In the last month, I’ve been published, twice. Which is nice.
The first paper is result of the work I’d been doing for six months: a system and set of algorithms to further the state of the art, and novel research around them. A further month was spent conducting rigorous evaluation of this system, and writing a paper to present this work back to the scientific community, once patents had been filed. The result of this was that our work has been accepted for publication, as a full paper, at CIKM 2011, where only 15% of 917 submissions made it this year.
Contrast this with one wild night spent running around the New York Public Library, which has resulted in a book already being published. I’m now one of the hundred-some authors of One Hundred Ways to Make History, a beautiful hand-bound volume (below) which is now available for public consumption.
This book isn’t just hidden away in some academic conference and being presented in a rainy Glasgow auditorium.

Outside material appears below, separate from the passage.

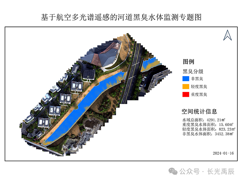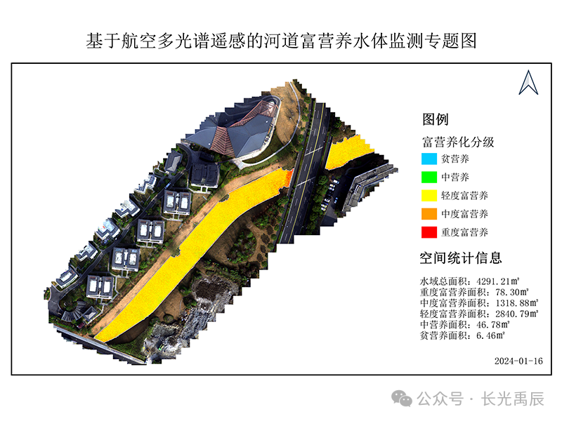 参考富营养化状态评价标准、地表黑臭水体评价标准,利用特征光谱构建分类指数,实现富营养化、黑臭水体分级反演及空间信息统计,辅助分析工业废水、渔业养殖、生活用水等对周边水体的影响,助力污染源排查、水环境评估。也可以使用Yusense River实现河道数据管理与成果可视化,为常规河道生态监测提供数据支持。
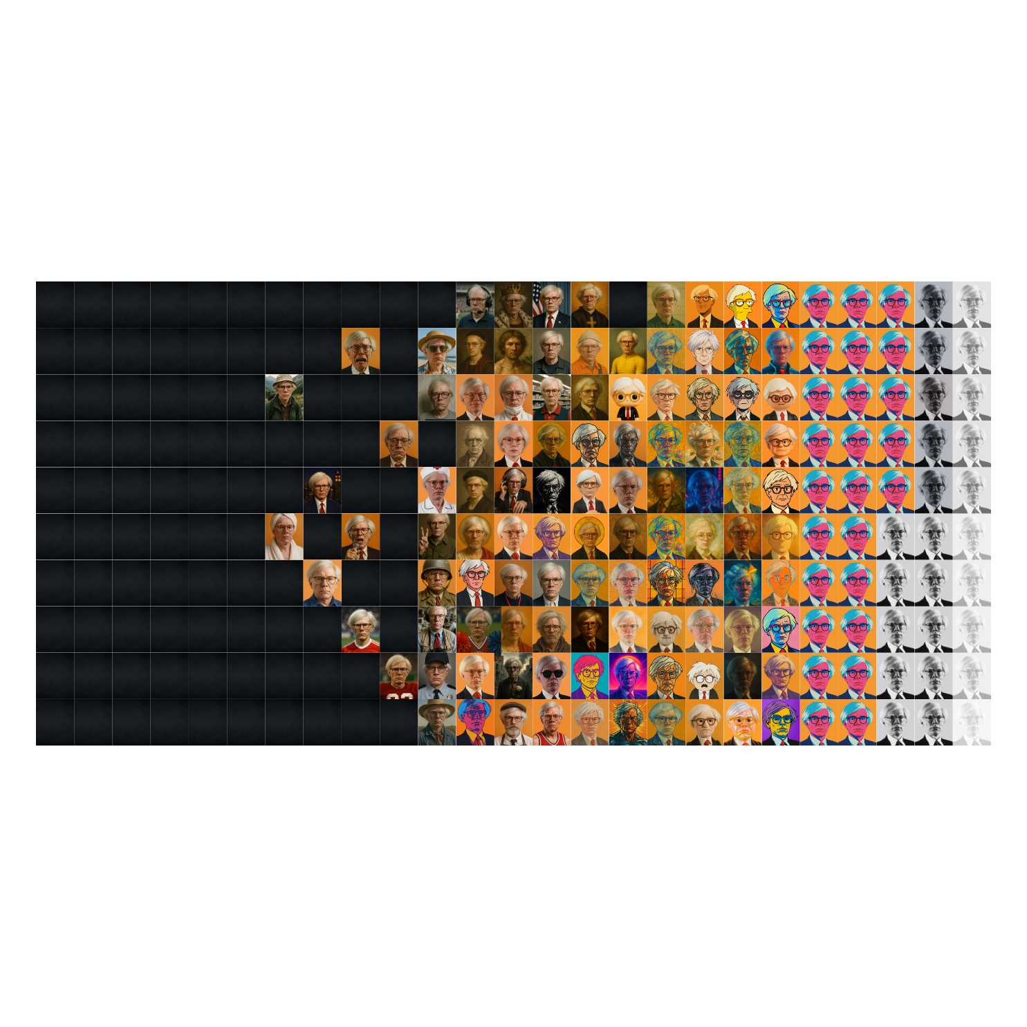 The final composition of the Polyptych is shaped with the collector. You are invited to select which Andys form the full piece and how they are arranged. Together we decide how the wall will appear before it is printed, signed, and certified.

This resides, and will continue to reside “For as long as the New York Public Library stands” in the Rare Books Collection within the library, alongside such greats as Thomas Jefferson’s draft of the (unilateral) Declaration of Independence and the first Gutenberg Bible.

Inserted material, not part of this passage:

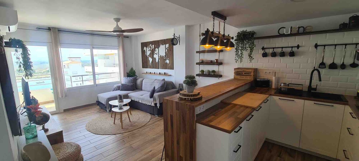 Klusa penthauss Sant Pere Pescador vecpilsētā. Liela terase ar skatu uz Fluvià upes birzi, pieskaroties dabas parkam dels Aiguamolls. Tajā ir grils, atpūtas zona un āra duša. Autostāvvieta vienas minūtes attālumā. Lielveikali, iepirkšanās zona,aptieka, restorāni un visas papildērtības. Tieši blakus upei un Sant Pere ostai, kur varat nodarboties ar kajaku vai izbraucienus ar velosipēdu. Pludmales tikai dažu minūšu attālumā , netālu no skaistiem līčiem L'Escala, St Martí d Empuries vai Roses.

The paper, on the other hand, will be handed out to any conference attendees that want it, and from there made available as a pdf to academics and students willing to pay a small fee. The academics will recommend the PhD students read it, and they will in turn diligently print it out, add it to the pile of documents that’s burying their original thesis proposal, and get back to playing Minecraft.
So, you can see, I’m starting to wonder if the day-job is really worth the effort. Maybe I should just talk about doing things instead of actually doing them. The results look a lot nicer and involve far less effort.
Anyone know of any jobs opening up in marketing?